WHAT TO DO —
Only the lines below from the one with "Fashion Colorful Buttoned" through the one with "艾美特 取暖器家用电暖器欧式快热炉暖气电热遥控快热 HC30156R" are to be written out, exactly and without any images.

DATA SUPPLIED —
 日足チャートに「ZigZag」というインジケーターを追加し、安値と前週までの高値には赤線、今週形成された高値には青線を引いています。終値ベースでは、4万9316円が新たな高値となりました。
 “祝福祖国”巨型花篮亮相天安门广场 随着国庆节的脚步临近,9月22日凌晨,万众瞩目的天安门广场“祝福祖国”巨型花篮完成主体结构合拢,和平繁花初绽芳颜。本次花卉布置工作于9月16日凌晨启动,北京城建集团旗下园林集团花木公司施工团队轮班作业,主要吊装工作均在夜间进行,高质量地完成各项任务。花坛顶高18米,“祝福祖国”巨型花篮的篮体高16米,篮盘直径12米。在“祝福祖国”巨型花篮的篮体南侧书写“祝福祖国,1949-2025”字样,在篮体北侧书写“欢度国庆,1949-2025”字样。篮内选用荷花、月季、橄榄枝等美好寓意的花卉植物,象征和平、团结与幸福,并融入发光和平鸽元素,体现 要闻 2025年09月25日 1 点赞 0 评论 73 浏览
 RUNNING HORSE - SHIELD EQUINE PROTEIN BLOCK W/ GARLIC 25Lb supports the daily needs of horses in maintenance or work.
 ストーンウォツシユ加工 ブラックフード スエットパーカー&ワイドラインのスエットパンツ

--

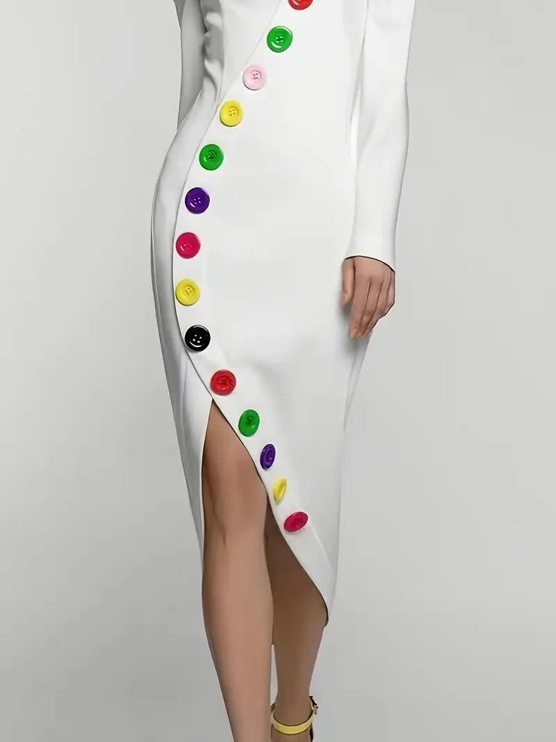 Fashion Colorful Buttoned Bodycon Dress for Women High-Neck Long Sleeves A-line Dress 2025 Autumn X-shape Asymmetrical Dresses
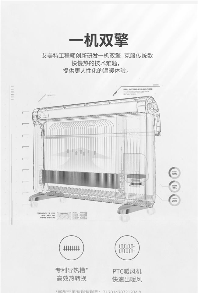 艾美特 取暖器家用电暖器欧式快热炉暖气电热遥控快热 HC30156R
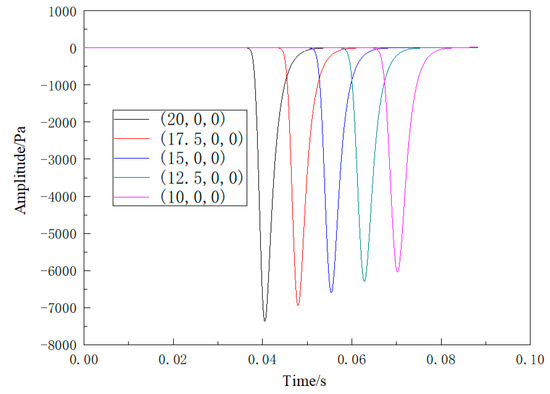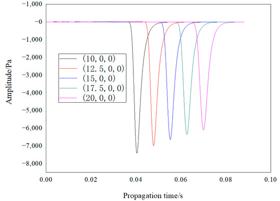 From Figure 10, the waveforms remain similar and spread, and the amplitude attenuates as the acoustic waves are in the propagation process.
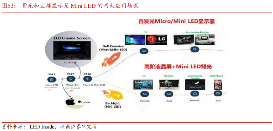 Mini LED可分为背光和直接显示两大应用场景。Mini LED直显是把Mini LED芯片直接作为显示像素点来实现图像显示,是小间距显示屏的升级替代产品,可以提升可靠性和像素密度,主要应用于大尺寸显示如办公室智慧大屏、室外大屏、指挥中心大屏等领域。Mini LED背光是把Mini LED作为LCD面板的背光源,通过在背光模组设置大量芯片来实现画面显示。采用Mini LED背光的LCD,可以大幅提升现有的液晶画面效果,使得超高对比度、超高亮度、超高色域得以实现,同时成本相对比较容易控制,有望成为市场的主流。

...

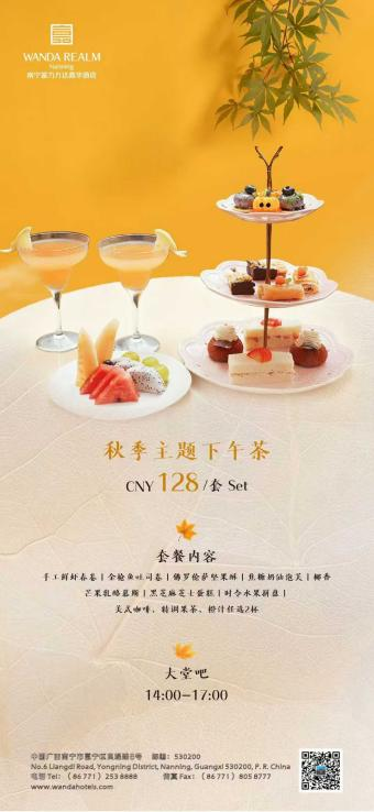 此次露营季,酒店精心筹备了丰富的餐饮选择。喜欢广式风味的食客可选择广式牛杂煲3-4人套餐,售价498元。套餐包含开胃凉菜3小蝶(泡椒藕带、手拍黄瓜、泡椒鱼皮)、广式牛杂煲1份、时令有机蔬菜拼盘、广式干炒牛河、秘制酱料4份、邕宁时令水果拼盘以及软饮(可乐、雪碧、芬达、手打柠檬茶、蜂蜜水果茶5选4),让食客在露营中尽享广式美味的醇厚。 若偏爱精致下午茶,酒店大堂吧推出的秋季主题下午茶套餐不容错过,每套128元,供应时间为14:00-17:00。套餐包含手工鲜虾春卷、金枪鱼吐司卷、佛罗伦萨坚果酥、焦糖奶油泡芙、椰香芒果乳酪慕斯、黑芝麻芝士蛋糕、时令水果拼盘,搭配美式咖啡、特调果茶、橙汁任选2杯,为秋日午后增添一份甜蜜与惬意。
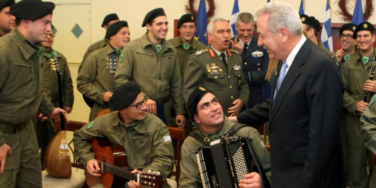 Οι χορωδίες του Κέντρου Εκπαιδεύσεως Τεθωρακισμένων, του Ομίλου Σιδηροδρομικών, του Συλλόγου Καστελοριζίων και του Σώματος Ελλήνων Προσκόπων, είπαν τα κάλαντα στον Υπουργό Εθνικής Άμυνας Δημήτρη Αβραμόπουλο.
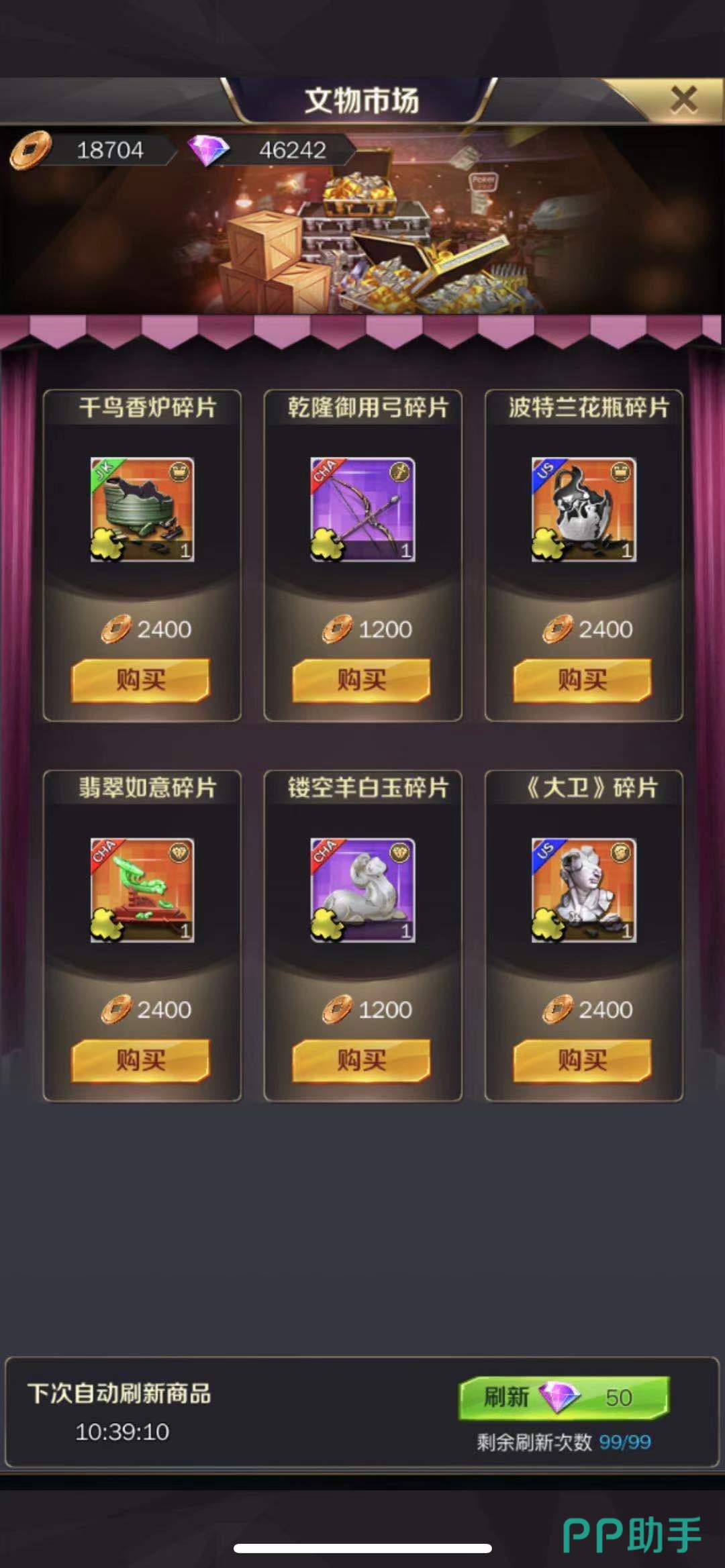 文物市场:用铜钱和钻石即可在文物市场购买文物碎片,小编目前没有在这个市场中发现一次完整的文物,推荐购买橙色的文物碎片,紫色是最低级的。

RESULT —
 Fashion Colorful Buttoned Bodycon Dress for Women High-Neck Long Sleeves A-line Dress 2025 Autumn X-shape Asymmetrical Dresses
 艾美特 取暖器家用电暖器欧式快热炉暖气电热遥控快热 HC30156R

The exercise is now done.